What is needed is an exact reproduction of the lines in the records below, starting at the line with "表2 不同复热方式预制梅菜扣肉的关键风味物质OAV值" and ending at the line with "Little stylish toddler", both included, and nothing else; pictures stay out.

(Records for the task):
------------------------
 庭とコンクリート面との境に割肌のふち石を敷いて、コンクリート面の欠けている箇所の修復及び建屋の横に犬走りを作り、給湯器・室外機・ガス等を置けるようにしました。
------------------------
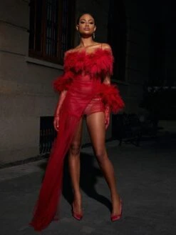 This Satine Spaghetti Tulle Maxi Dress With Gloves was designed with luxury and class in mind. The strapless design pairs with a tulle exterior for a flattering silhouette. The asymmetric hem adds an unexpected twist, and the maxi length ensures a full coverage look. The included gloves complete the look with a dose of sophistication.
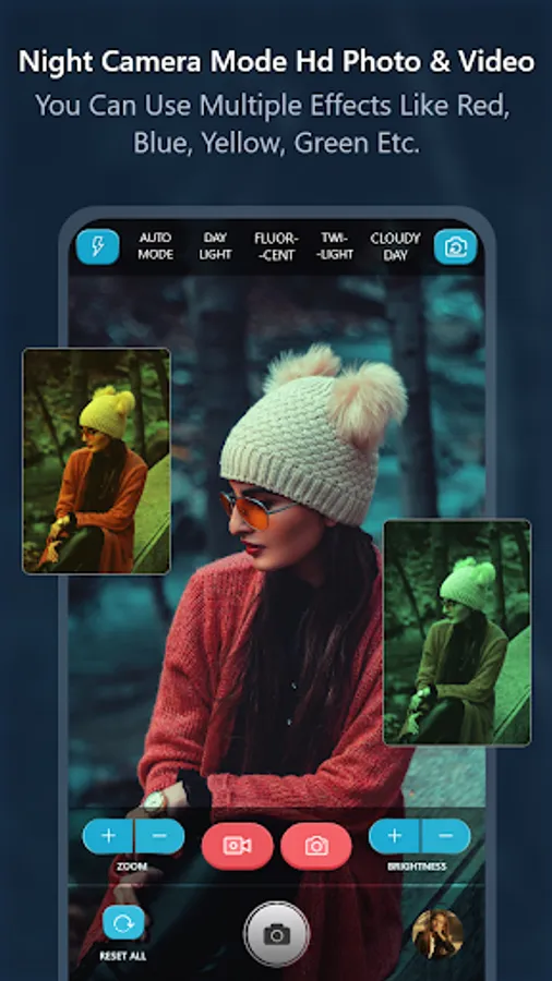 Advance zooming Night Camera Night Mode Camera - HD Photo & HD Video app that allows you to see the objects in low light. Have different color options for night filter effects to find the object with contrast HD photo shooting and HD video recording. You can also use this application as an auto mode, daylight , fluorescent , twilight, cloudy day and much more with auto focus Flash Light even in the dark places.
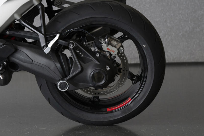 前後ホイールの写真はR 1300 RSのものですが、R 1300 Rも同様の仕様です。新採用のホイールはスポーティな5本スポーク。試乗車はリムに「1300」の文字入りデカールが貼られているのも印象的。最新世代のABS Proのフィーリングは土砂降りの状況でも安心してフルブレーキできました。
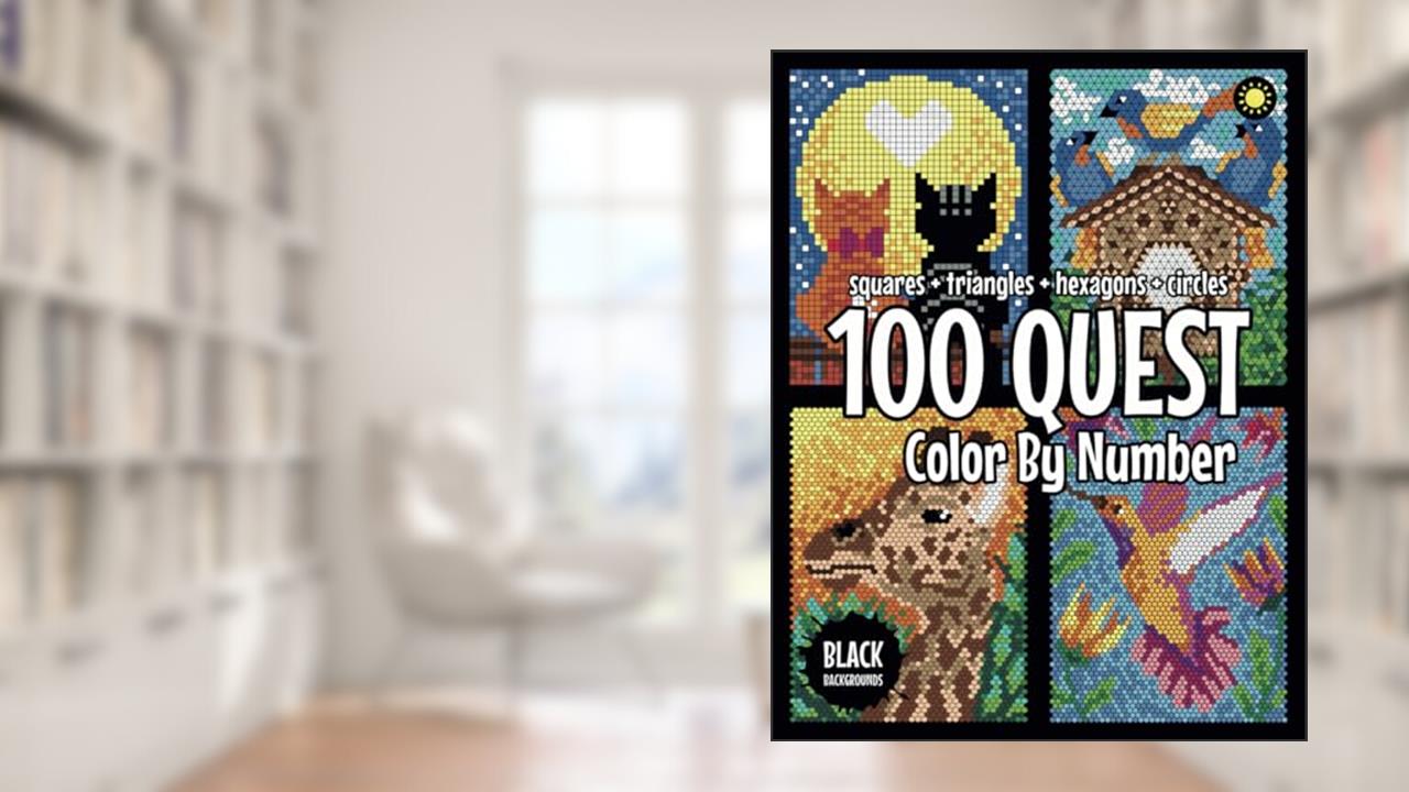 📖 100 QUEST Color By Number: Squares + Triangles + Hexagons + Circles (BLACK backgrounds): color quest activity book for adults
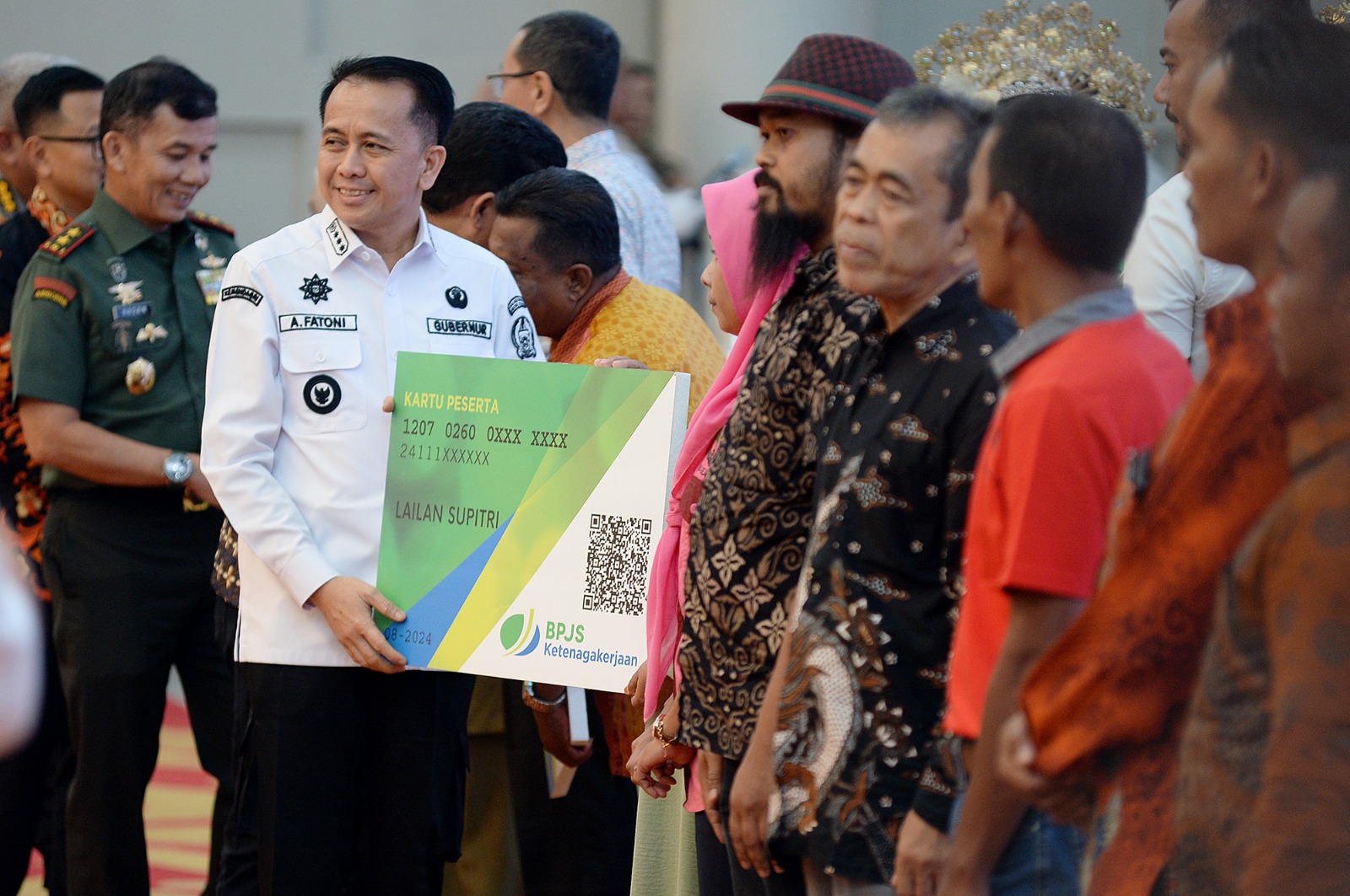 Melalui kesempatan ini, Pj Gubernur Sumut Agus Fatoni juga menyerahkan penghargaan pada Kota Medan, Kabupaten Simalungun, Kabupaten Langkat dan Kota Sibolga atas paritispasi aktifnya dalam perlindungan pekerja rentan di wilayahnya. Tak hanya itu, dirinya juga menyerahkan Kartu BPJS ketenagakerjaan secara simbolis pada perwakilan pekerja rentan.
------------------------
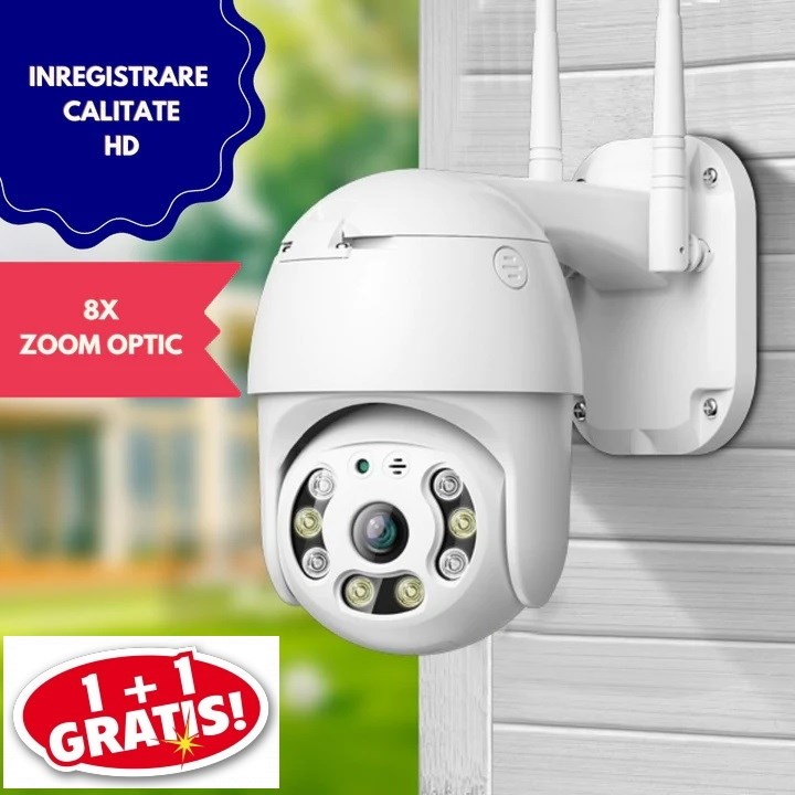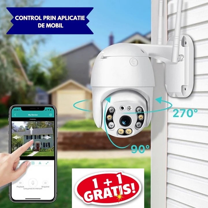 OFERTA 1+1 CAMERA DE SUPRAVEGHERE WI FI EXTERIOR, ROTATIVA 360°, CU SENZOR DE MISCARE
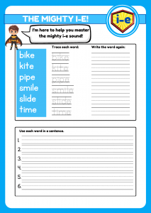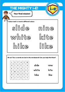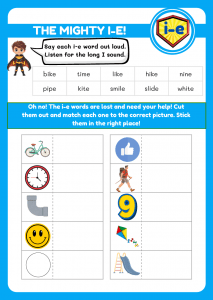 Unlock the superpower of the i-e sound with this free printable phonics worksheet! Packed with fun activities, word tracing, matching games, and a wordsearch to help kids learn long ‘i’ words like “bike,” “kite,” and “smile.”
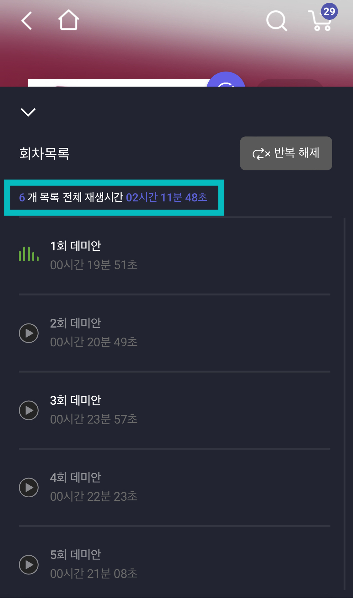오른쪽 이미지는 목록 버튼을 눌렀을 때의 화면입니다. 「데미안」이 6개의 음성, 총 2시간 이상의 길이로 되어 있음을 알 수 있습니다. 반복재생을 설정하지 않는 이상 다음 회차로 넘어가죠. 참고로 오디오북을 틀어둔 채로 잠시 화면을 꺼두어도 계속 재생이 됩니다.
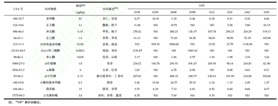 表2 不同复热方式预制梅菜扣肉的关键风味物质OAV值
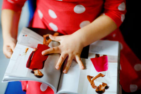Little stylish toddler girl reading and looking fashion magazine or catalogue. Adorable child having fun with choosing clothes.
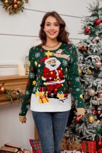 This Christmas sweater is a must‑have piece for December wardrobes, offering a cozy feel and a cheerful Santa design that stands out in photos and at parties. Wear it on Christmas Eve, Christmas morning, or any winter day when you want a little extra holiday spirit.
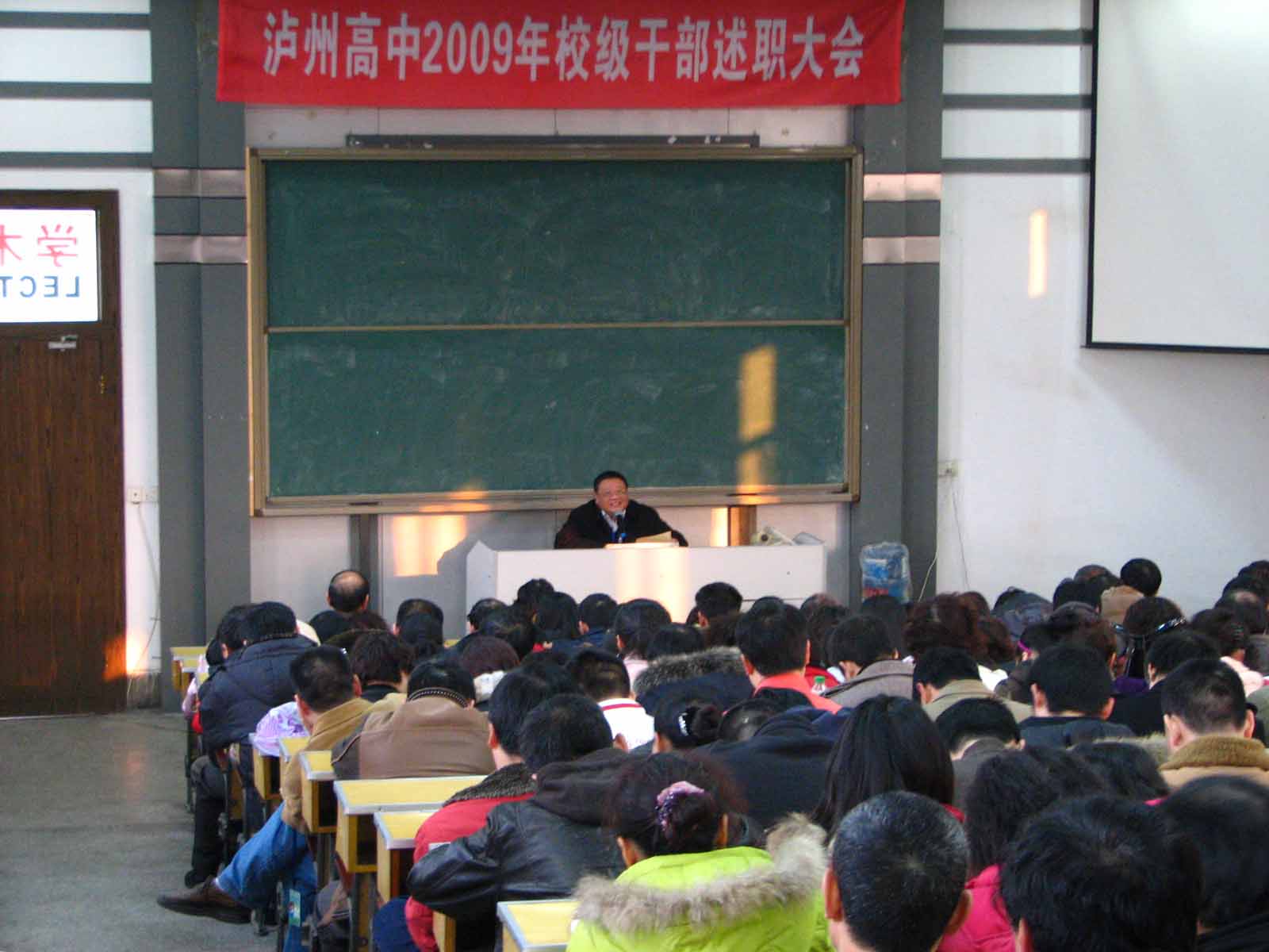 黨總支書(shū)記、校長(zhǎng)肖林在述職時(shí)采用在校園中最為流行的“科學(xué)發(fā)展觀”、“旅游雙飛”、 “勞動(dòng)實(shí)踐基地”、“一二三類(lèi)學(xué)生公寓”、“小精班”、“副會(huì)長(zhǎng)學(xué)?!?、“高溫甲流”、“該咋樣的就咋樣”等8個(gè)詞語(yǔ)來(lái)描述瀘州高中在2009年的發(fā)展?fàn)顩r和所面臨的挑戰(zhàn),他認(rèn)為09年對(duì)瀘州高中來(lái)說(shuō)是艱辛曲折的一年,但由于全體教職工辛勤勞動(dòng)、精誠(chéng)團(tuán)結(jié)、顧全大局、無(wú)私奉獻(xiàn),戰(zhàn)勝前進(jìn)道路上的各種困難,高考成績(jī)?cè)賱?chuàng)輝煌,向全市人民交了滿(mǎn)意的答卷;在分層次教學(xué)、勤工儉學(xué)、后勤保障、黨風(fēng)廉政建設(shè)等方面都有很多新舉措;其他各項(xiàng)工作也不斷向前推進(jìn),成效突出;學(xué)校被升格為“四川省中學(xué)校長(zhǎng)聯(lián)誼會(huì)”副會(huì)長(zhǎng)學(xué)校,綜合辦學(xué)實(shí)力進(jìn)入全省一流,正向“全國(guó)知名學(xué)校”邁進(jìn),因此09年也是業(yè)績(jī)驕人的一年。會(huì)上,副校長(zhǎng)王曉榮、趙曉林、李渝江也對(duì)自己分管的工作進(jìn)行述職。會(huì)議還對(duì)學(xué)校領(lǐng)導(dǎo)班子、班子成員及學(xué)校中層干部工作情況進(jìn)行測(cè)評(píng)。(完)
------------------------
(Task result):
 表2 不同复热方式预制梅菜扣肉的关键风味物质OAV值
Little stylish toddler girl reading and looking fashion magazine or catalogue. Adorable child having fun with choosing clothes.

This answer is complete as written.